ChristineRose More than 1 year ago
I really enjoyed reading this book. Couldn't put it down after I started. The storytelling was amazing and very enjoyable. I highly recommend it.
TheBookFairy More than 1 year ago
Once I picked this book up and read a few pages, I almost put it down. The writing style was a little simple for my taste, but once I kept reading, I realized that the writing style was meant to compliment the content. This is a wonderful, touching story about two amazing women. It's not the type of novel I would usually read, but I'm glad I did. I highly recommend it.

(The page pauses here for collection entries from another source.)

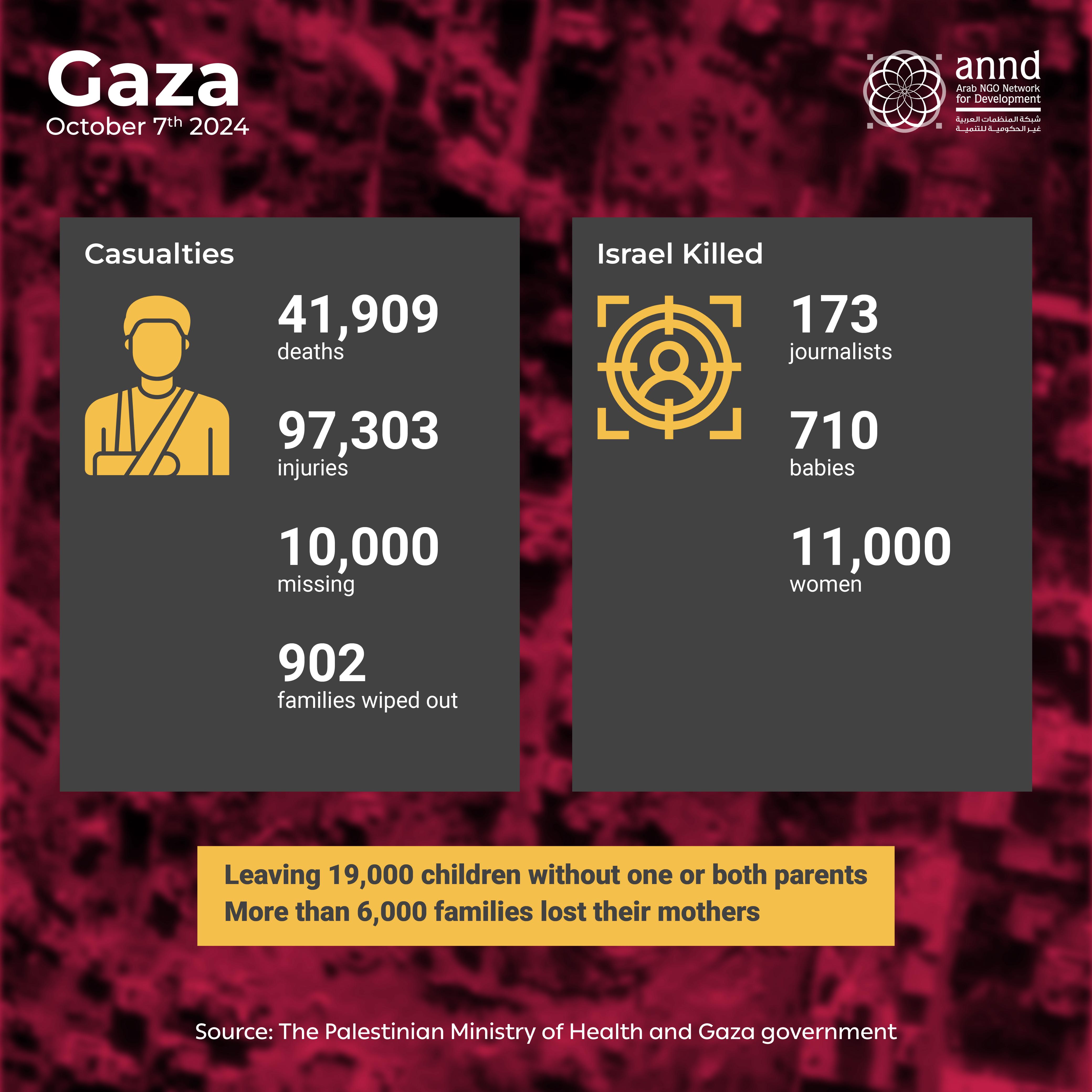 The Palestinian Ministry of Health reported 97,303 injured, while the Gaza government media office stated that the Israeli army annihilated 902 Palestinian families in Gaza by killing all their members. The army also erased them from the civil registry.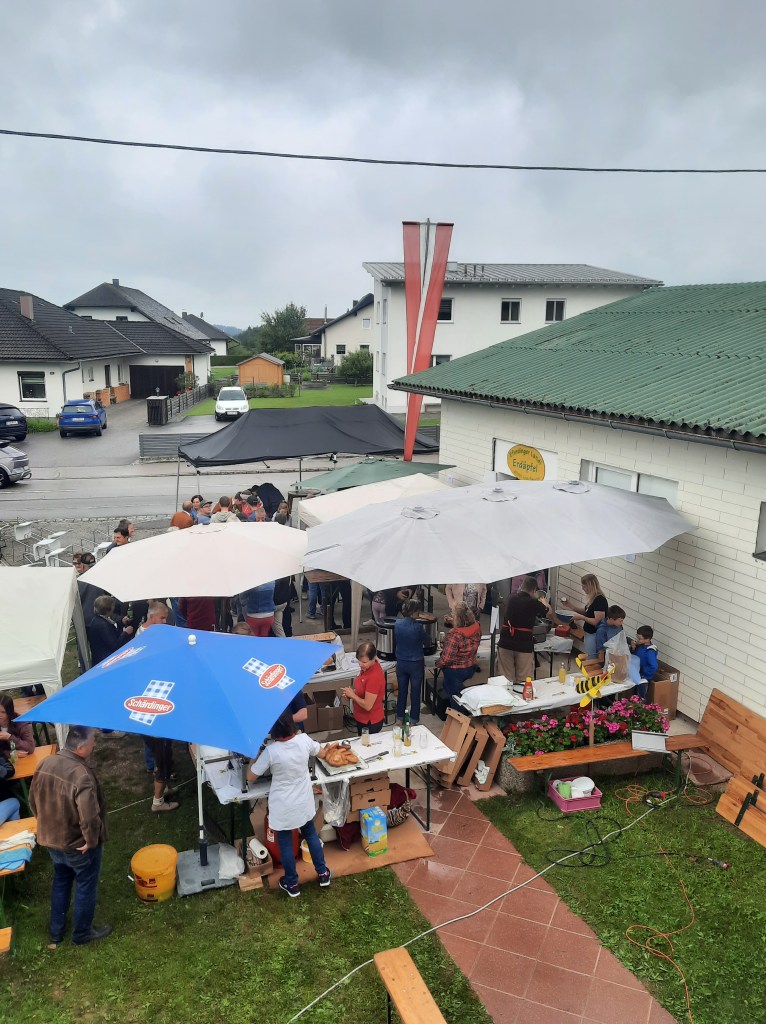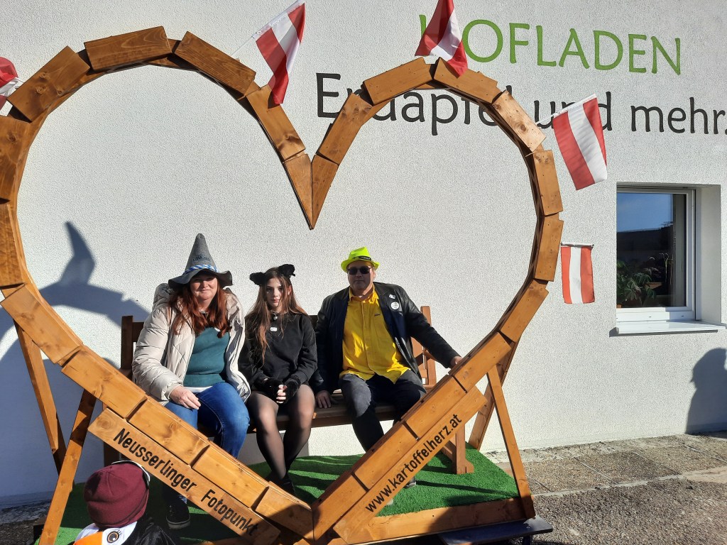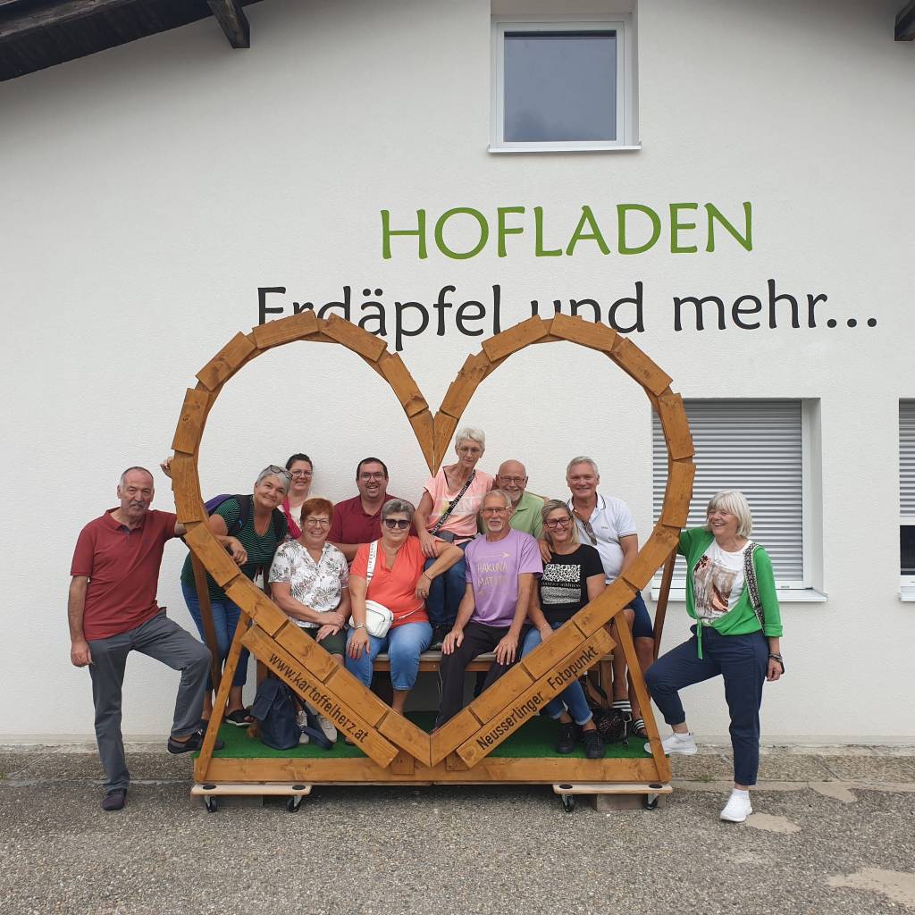 Eine gut gelaunte Urlaubergruppe beim Neußerlinger Fotopunkt. Wir wünschen euch schönen Aufenthalt im Mühlviertel.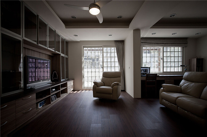 一楼订制媲美图书馆等级的藏书空间,克服了系统柜承重力的限制,可以直接坐于台面看书的设计,让全家人可以一同召开读书会,更潜移默化地影响孩子养成良好的阅读习惯。而二楼与三楼皆采取开放形式,尤其小孩所使用的空间为夹层格局,用以满足孩童的私人需求,偶而能邀请学校朋友来家中作客,或是由家长陪同做作业与学习,让孩子提早拥有自主支配的个人空间。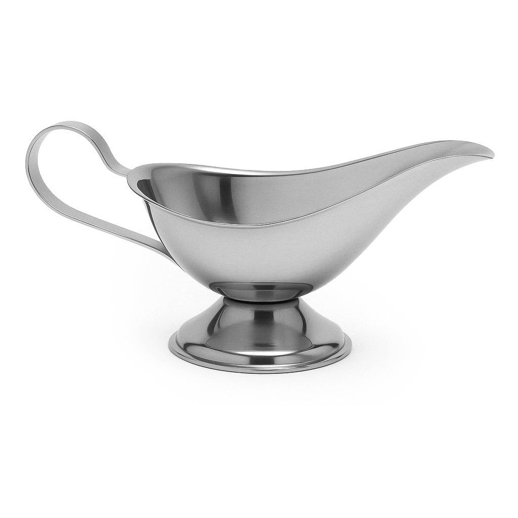 Nerezový omáčnik s objemom 230 ml spája funkčný objem s elegantným vzhľadom, ktorý pozdvihne prezentáciu každého pokrmu. Vďaka jemne tvarovanej výlevke a lesklému povrchu pôsobí luxusne a profesionálne, či už ho použijete v reštaurácii, hoteli alebo pri domácom stolovaní.
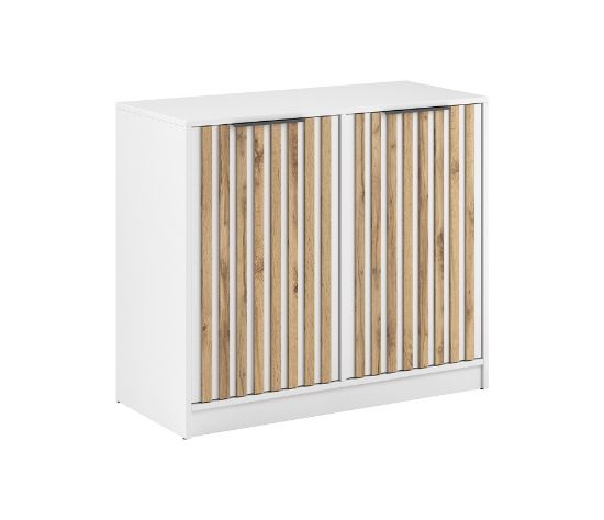 Doskonałym wyborem do pokoju dziennego będzie komoda Laos 2D w kolorze biały mat z elementami koloru dąb wotani. Komoda wykonana z płyty laminowanej, posiada podwójne drzwi, za drzwiami dwie półki po jednej z każdej strony. Komoda dopełni również wystrój salonu, czy przedpokoju, stanowiąc wygodne miejsce do przechowywania mniejszych i większych rzeczy. Mebel do samodzielnego montażu.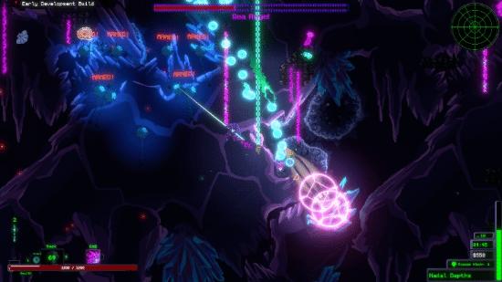 构筑强力组合—在肉鸽玩法的永久死亡机制之下,每一次下潜都可能是终点,唯有适应者方能存活,因此玩家需要努力收集资源、升级装备、改造武器库,构筑自己的的一套强力组合,最后在重重危险的局面下生存下去。

Peida More than 1 year ago
Easily one of the best books I have read in a long time! The writing style fits the time period of the book - you can almost see the characters and the surroundings. It's so nice to have a book that is clean - no foul language, no descriptive sex, little violence - what a pleasure!
LadyHester More than 1 year ago
This author is a wonderful storyteller! She kept me enthralled as she flipped between past and present in a small Colorado mining town. The story spans from the Civil War to late 1930's depression era. Hennie is a sweet character and her frienship with young Nit is the foundation of the story. I hope all her other books are just as good.
bklindy More than 1 year ago
This book was so good I could not put it down. I di not want Hnnie to leave because they were all a family read the book to find out what Hennie's decision was.
Anonymous More than 1 year ago
Easy to visulalize the characters and engages emotions with in the reader. Quick read too.
Penny Vineyard More than 1 year ago
the first time that i read this book i didn't expect to connect as deeply as i did, it is unexpected in the way that you start to review your beliefs and what you think is important. i have now read this book four times and shared it many times and it still touches me deeply
Lannie More than 1 year ago
This is an entertaining, emotional read. Newly married, 17 year old Kit Spindle is 17, is intrigued by a sign outside of a house which reads "Prayers for Sale". When she meets 86 year old Hennie Comfort, she learns that Hennie doesn't sell the prayers but gives them away. They become friends and Hennie helps her adjust to her new life by telling her funny or unbearably sad stories. All in all the stories reveal how hard life was in the past and how the human spirit can win out. Great bonding tale! I recommend!
need-to-read More than 1 year ago
Read this while recuperating from ankle surgery. It was just what the dr.ordered! Easy to follow with a comforting and interesting story. I too, like historical fiction. This book is one you can recommend to anyone, nothing offensive or controversial, just a good novel.
Anonymous More than 1 year ago
I love that there is a historical fiction aspect of this book told via "flashbacks" if you will. You really feel the pain and strength of the characters. It is written well, i could not put it down. I highly reccommend it.